Thursday, 18 April 2013

5/4/13 – Inventing Abstraction @MoMA


This morning, after the gym, we took the 4/5/6 subway from 86th and Lex to 51st and Lex and walked back from there a short way to MoMA. As we walked to the subway today we took as many shots as we could of the spring flowers. The Callery Pear trees that line the many streets on the East Side are in full bloom.

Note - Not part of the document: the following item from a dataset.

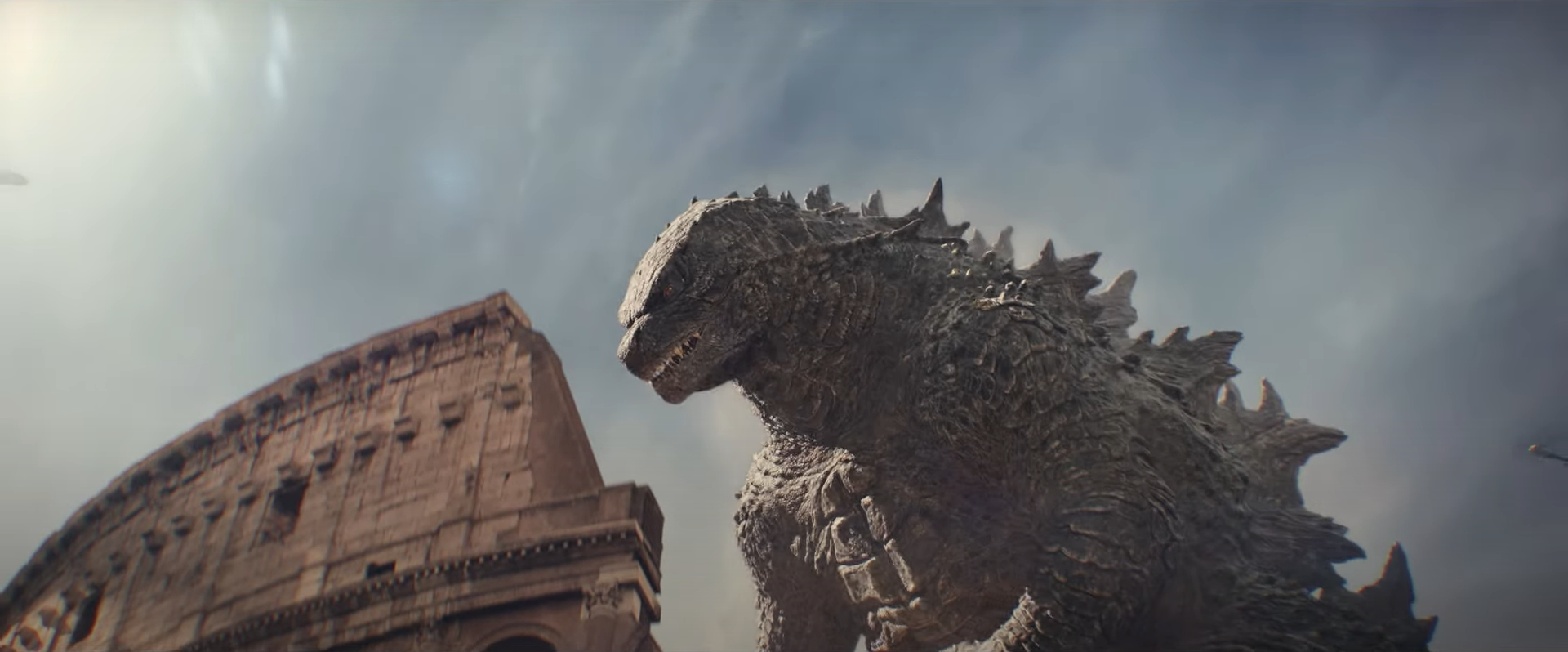 In Godzilla x Kong: The New Empire, when Scylla attacks Rome, Godzilla confronts and defeats her before resting in the Rome Colosseum. However, when the threat of the Skar King and Shimo was imminent, Godzilla attacks a French nuclear plant to absorb its radiation and destroys military drones sent to intercept him. Godzilla is shown to be more aggressive while at the same time retaining a form of restraint, as he doesn't seem to immediately attack human settlements. After his metamorphosis, when he faces Kong in Egypt, Godzilla doesn't even respond to the latter's body language telling him to wait, as he is asking for his help. When he pins Kong, Godzilla doesn't roar in his face to intimidate him like before. Instead, he powers his atomic breath for a killing blow and would have done so had Mothra not intervened. Even so, Godzilla does not kill Shimo when she is freed and uses her powers to help defeat the Skar King. After the battle ends, Godzilla only used his atomic breath to destroy the climate storm she made. This may have been due to Mothra's intervention making him realize he needs to show more restraint. At the same time, Godzilla shares a smile with Kong once the battle was over, showing a more friendly side to himself. When the fight was over, Godzilla returns to Rome and rests once again.

They are particularly pretty as there are no leaves yet, just the blossom on a black branch. The garden beds around many of the curb side trees are planted with tulips, hydrangeas, pansies, daffodils and hyacinths or a mixture of these. What a glorious sight and smell. Shame – that the dogs that pee on them are having such a great time altering the smell! 
No photos of the exhibition allowed - so have some flowers instead.
 
Today at MoMA we took in the ‘Inventing Abstraction’ exhibition. Picasso was strongly of the view that there can be no such thing as ‘abstract’ art as all things – art, inventions or ideas - are and must be based on something!
But if you believe the curators of the ‘Inventing Abstraction’ exhibition there came a time in history, prompted by the evolution of film and photography, that allowed for a cross fertilisation of artistic mediums and an escape from pictorial art to truly ‘abstract’ (non-pictorial) arts of all kinds.  For example we saw musical works by Schoenberg and Wagner that had no fixed ‘form’ at all but was simply sound arranged to convey emotion.


These works so inspired the artist Kandinsky he went home and painted what he was feeling – this was abstract art at its birth. Kandinsky was excited about the future of this medium and others soon followed. There followed a synthesis of artistic disciplines. 
Francois Kupka, a Czech painter and graphic artist, has been credited with the first abstract painting - ‘Noctune’ (1911). Since that time key exponents of abstract art created hubs of creativity and the movement quickly spread. Artists such as Picabia, Stieglitz, Delaunay, Terk, Picasso, Kandinsky, Leger, Arp, Apollinaire, Larionov and Goncharova all made major contributions to the collection of work. The legacy of abstract art is that expression is no longer tethered to fixed form or meanings.

Upon reflection – I think I am with Picasso.

Note – it was nice to see Brancusi’s ‘Endless Column’ again – so good to have seen it first in Perth!